About this exercise: Could you repeat exactly the lines from the one containing "While on a pause" through the last line of the records, with no pictures?

Source data:

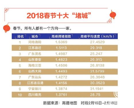 報告還公布了正月初一至初三我國主要城市擁堵排名,TOP10為洛陽、宿遷、茂名、泰安、三亞、大同、汕頭、連云港、銀川、南充。而傳統(tǒng)堵城北京、上海、深圳、杭州均排到了70名以外。
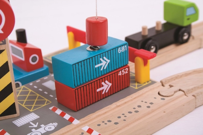 Discover a fantastic wooden terminal with a functional magnetic crane that brings the world of ports and railways closer to children. The set includes a wooden freight truck with containers and a robust crane for easy loading and unloading. The entire design is safe, durable, and invites open-ended play.
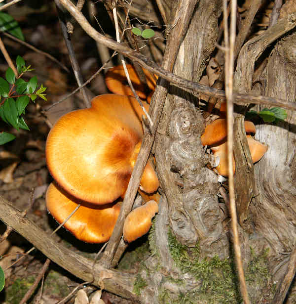 se proprio devi dare un nome a questa foto puoi mettere Omphalotus olearius ma nelle prossime occasione per una determinazione attendibile e bene che del fungo si veda l'imenoforo il gambo e più particolari possibili.
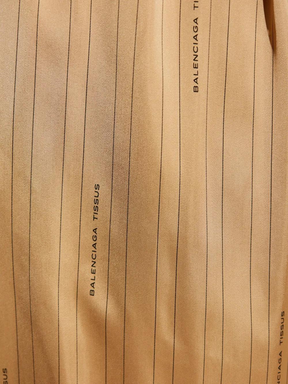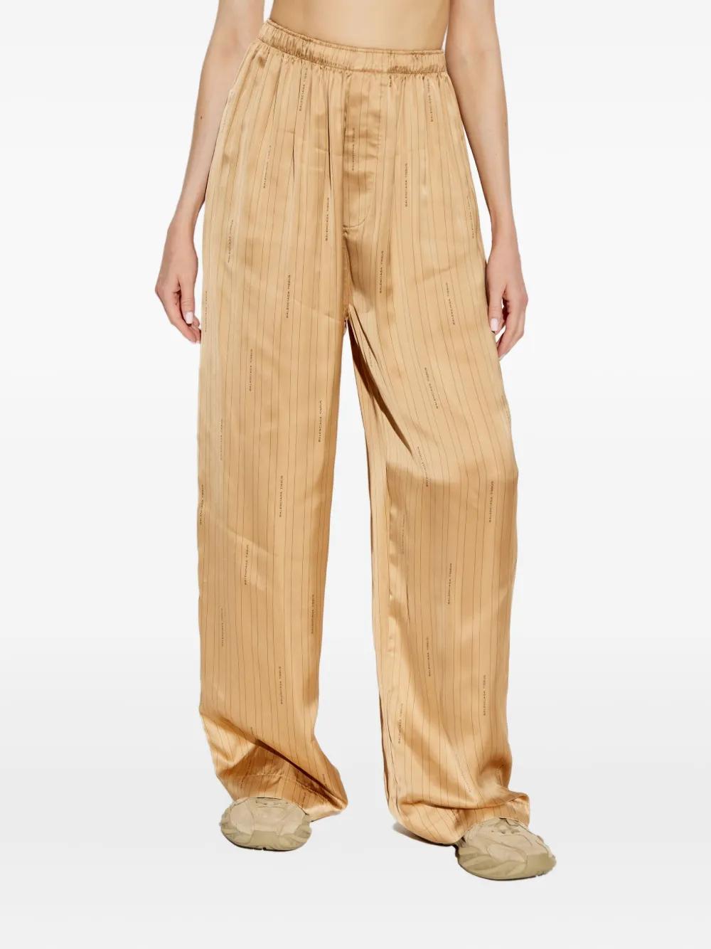 beige vertical stripe pattern elasticated waistband all-over logo print side pockets
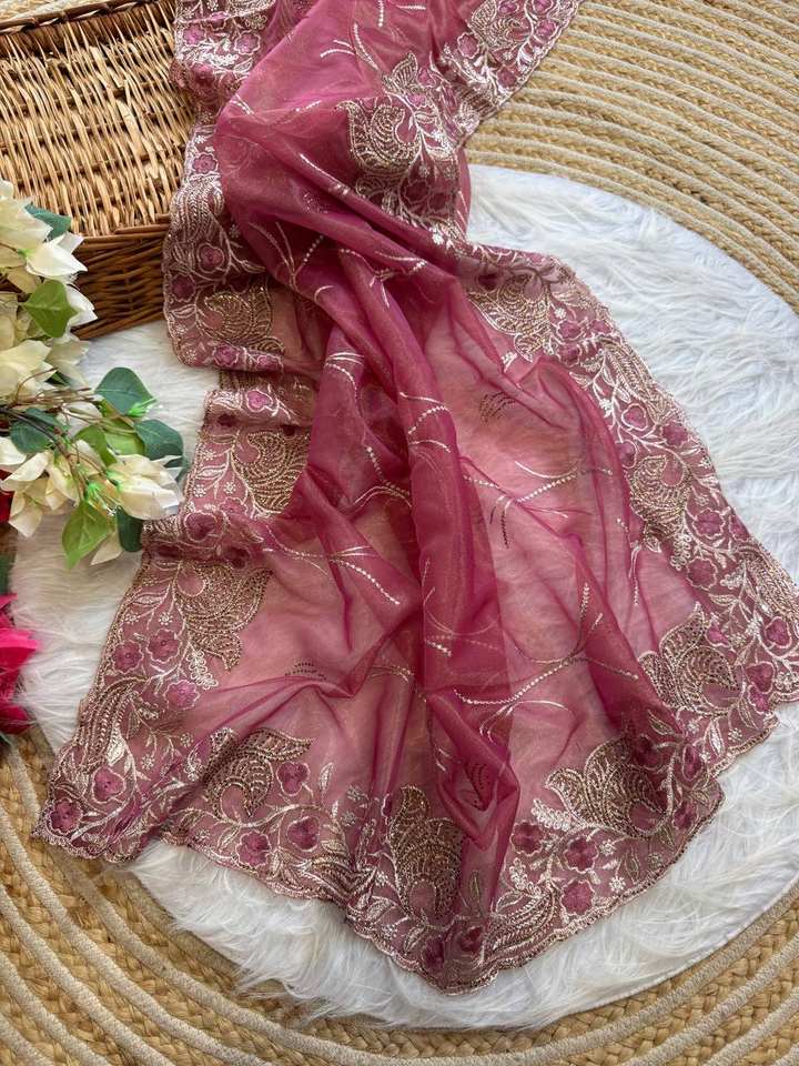 Saree traditionnel en soie douce de créateur indien avec un beau travail de broderie pour les mariages et les fêtes
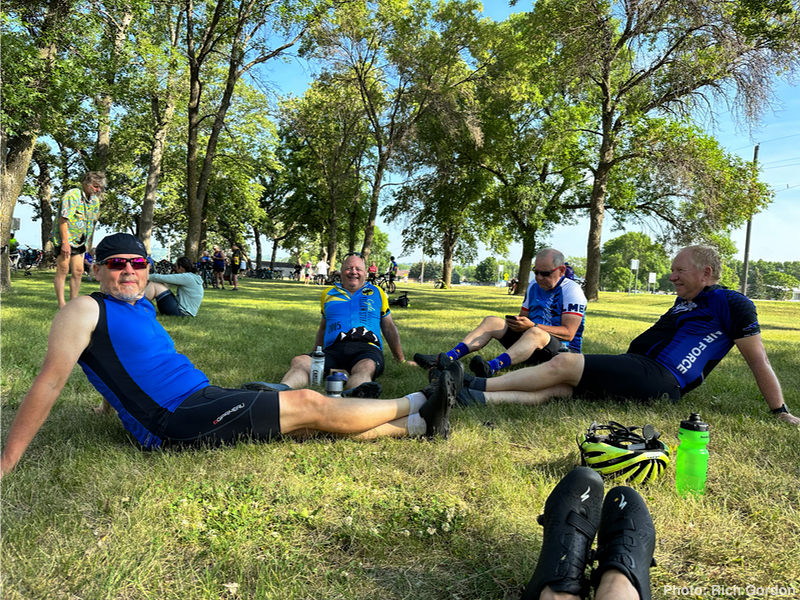 While on a pause from pedaling at a park in Glenwood, I noticed Tom, Rick, and Rod were all leaning back on their arms like I was. We were all mirroring each other. I handed my phone to Rich Gordon and asked him to take a picture. At the same time, Rick moved out of position to take a phone call. Close enough for me.
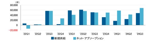 ネット・アブソープション(吸収需要)はオフィス需要の指標であり、一定期間におけるテナント入居面積(稼働面積)の増減を表す。2023年第1~第3四半期は、都心部での大量供給を背景に供給過剰が続いたが、2023年第4四半期からは4期連続で需要が供給を上回る需要超過となった。直近2024年第3四半期は約7万坪の高水準となり、足元のオフィス需要は力強さを見せている。

Result:
 While on a pause from pedaling at a park in Glenwood, I noticed Tom, Rick, and Rod were all leaning back on their arms like I was. We were all mirroring each other. I handed my phone to Rich Gordon and asked him to take a picture. At the same time, Rick moved out of position to take a phone call. Close enough for me.
 ネット・アブソープション(吸収需要)はオフィス需要の指標であり、一定期間におけるテナント入居面積(稼働面積)の増減を表す。2023年第1~第3四半期は、都心部での大量供給を背景に供給過剰が続いたが、2023年第4四半期からは4期連続で需要が供給を上回る需要超過となった。直近2024年第3四半期は約7万坪の高水準となり、足元のオフィス需要は力強さを見せている。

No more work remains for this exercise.